Тебе, наверное, интересно, как я устроился? Да никак, даже чемоданы не распаковал. Разложить вещи по полкам — все равно, что признать новое место домом. Пусть и на время. А я не хочу. Какой это дом — сплошное недоразумение. Чердачная каморка со скошенными стенами. Вместо окна — щель, узкая, как бойница. Вдобавок на такой высоте, что увидеть сквозь нее что-то кроме взъерошенного клочка неба можно только встав на цыпочки и вытянув шею. Под окном — кухонный уголок: плита в две закопченные конфорки, холодильник, в котором вечно плюс десять, эмалированная раковина. Напротив у стены — плешивый диван, рядом — стол, грубый, точно вырубленный одним ударом топора из цельного дерева. Два стула. Одежный шкаф и этажерка с единственной книгой. С какой бы ты думала? Ни за что не угадаешь. Немецко-латинский словарь тысяча восемьсот девятого года.
Вся мебель неприятно мягкая, будто обернутая многими слоями паутины. Только пауков не видно. Вообще никого. Ни таракана, ни муравья, ни кузнечика.
Вспоминаю нашу спальню, полную сверчков. Каждый угол выводит свою мелодию. Ты сердилась, что насекомые мешают спать, а для меня они были очарованием ночи. Стоит закрыть глаза, как звуки начинают перетекать в запахи, а запахи — в краски. Точно прикорнул июльским полднем на медвяном лугу.
Здесь все глухо, мертво, голо. В сон опускаешься, будто в кадушку с тухлым рассолом. Наутро во всем теле холодная дрожь. Десны болят. При одной мысли о работе потеют ступни, а на языке появляется железистый привкус.
Нет, она не сложная. Просто — как бы сказать точнее — безрадостная. Ты ведь знаешь, что я - паромщик? Перевожу бледных и тощих, как ленточные черви, доходяг с одного берега реки на другой. Канат, лохматый и тугой, обдирает ладони. Вода пахнет солоно. Не освежающе — морем — а плотно, удушливо. Так воняет из канализационных люков или придорожных сортиров.

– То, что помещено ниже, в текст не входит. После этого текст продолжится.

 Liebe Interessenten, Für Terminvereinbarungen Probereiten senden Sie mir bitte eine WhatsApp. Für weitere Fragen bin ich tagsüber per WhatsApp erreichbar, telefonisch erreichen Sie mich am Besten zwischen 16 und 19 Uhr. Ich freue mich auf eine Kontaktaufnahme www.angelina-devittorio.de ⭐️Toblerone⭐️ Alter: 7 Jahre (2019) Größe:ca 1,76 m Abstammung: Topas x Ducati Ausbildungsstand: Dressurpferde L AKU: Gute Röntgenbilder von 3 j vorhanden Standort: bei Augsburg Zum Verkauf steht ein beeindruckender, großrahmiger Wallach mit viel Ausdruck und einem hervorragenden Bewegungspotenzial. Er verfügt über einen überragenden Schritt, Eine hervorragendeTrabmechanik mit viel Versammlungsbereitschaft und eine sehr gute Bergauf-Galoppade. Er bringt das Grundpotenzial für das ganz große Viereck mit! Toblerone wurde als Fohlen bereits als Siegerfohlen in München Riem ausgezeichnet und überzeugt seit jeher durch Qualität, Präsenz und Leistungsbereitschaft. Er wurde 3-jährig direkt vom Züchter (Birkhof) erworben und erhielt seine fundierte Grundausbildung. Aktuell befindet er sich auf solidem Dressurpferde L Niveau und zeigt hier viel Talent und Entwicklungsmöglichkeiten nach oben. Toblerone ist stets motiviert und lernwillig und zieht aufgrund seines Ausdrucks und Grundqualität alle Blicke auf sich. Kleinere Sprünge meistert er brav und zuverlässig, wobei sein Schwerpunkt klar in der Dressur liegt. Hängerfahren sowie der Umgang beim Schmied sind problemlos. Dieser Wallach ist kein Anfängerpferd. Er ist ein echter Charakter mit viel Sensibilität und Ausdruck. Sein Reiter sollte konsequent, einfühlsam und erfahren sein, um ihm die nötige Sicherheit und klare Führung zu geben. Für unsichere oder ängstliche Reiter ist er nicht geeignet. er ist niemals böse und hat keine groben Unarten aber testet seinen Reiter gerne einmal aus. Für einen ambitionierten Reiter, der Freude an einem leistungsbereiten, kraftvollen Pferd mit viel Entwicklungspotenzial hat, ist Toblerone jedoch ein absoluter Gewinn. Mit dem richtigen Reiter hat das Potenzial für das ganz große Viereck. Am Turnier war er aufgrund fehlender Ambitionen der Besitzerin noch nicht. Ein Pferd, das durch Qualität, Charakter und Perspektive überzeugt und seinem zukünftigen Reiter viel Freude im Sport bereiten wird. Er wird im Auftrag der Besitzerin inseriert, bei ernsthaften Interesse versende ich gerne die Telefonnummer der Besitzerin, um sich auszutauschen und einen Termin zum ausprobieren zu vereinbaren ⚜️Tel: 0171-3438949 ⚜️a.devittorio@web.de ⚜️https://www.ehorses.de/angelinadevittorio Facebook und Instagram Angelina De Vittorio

Пассажиры сидят, будто с зашитыми ртами. Тупо смотрят на проплывающие мимо бесконечные автопокрышки, грязные прокладки, стаканчики от йогуртов, пластиковые пакеты. Сколько же всякой дряни мы бросаем в поток вечности!

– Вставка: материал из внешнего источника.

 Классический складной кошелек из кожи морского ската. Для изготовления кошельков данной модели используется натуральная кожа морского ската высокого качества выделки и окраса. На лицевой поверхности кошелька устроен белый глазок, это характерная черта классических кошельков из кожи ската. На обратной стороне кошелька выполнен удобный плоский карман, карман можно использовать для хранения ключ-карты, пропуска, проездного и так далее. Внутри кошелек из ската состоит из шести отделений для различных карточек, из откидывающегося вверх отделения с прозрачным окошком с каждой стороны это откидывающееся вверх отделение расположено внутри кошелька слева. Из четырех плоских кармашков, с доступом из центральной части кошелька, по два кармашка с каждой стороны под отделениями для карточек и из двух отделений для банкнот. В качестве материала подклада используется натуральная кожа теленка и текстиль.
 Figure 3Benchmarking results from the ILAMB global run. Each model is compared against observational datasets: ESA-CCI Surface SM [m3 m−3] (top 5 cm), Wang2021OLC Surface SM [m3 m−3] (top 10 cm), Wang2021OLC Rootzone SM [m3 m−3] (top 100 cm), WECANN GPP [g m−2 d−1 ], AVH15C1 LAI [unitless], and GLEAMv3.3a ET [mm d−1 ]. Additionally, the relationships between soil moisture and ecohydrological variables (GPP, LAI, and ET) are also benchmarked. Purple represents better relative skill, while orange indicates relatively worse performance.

На другом — пологом - берегу, словно намытые рекой, высятся желтоватые от гнилостной слизи мусорные горы. А может, это свет виноват. Он у нас всегда серо-желтый, только по утрам слегка теплеет и усиливается, а к вечеру подкрашивается мимолетной голубизной. В остальном день и ночь различаются мало. Помнишь, как полгода назад мы гуляли с дочками по набережной Саара? Лара в коляске, а Полли носилась вприпрыжку от фонаря к фонарю, задрав лицо к небу, а ты боялась, что она споткнется или налетит на столб. То прозрачная и длинная, то короткая и густая тень игривым щенком скакала вокруг нее, путаясь в воздушном подоле платьица.
- Смотри под ноги, Полли!
Ее тонкий голосок:
- А что, папа, луна всегда такая круглая?
Я чувствовал себя ужасным занудой, рассказывая трехлетней почемучке о фазах луны. Однако гордился — той особой гордостью взрослого, которому выпало посвятить ребенка в тайны вселенной. Глупости. О тайнах мы знаем не больше неразумных детей, но, в отличие от них, стесняемся спрашивать.

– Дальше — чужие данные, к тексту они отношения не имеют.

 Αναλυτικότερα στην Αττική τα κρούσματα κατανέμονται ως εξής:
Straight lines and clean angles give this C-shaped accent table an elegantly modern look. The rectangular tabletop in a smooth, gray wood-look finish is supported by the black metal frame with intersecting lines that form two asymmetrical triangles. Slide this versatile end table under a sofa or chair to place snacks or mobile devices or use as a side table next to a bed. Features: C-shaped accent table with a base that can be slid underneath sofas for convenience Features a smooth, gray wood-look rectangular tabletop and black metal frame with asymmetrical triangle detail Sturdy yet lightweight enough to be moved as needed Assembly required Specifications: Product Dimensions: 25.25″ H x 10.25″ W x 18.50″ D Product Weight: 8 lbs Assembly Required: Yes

Веришь ли, Эрика, здесь луна всегда круглая. Не стареет и не растет. Иногда мне кажется, что она искусственная. Или что это не луна, а солнце, затемненное и профильтрованное. Если из солнечного спектра выцедить все краски, все теплое и летучее, останется именно такой тускло-желтый цвет. Мертвое, незаходящее светило.
Ты только не подумай, что я жалуюсь. Наоборот. Теперь мне есть за что уважать себя, потому что я не безработный лузер, а мужчина, способный прокормить семью. Мало ли людей работает далеко от дома? И потом — это ведь не навсегда, правда? Я обязательно найду что-нибудь другое. Хотя и не представляю, как искать. Тут нет ни газет, ни телевизора, ни интернета. Из чудес техники лишь банкомат — единственное, что связывает меня с миром. Только с ним и беседую на досуге, потому что больше не с кем. Банкомат разумен, как человек, правда, в глазах у него цифры, а вместо души — пачки купюр. Шучу, Эрика.
Если бы только не так далеко от вас - чтобы приезжать хотя бы на выходные! Замечать, как прихорашивается сад, как растут мои девочки.
Если бы самоуважение могло заменить счастье!
Твой Петер.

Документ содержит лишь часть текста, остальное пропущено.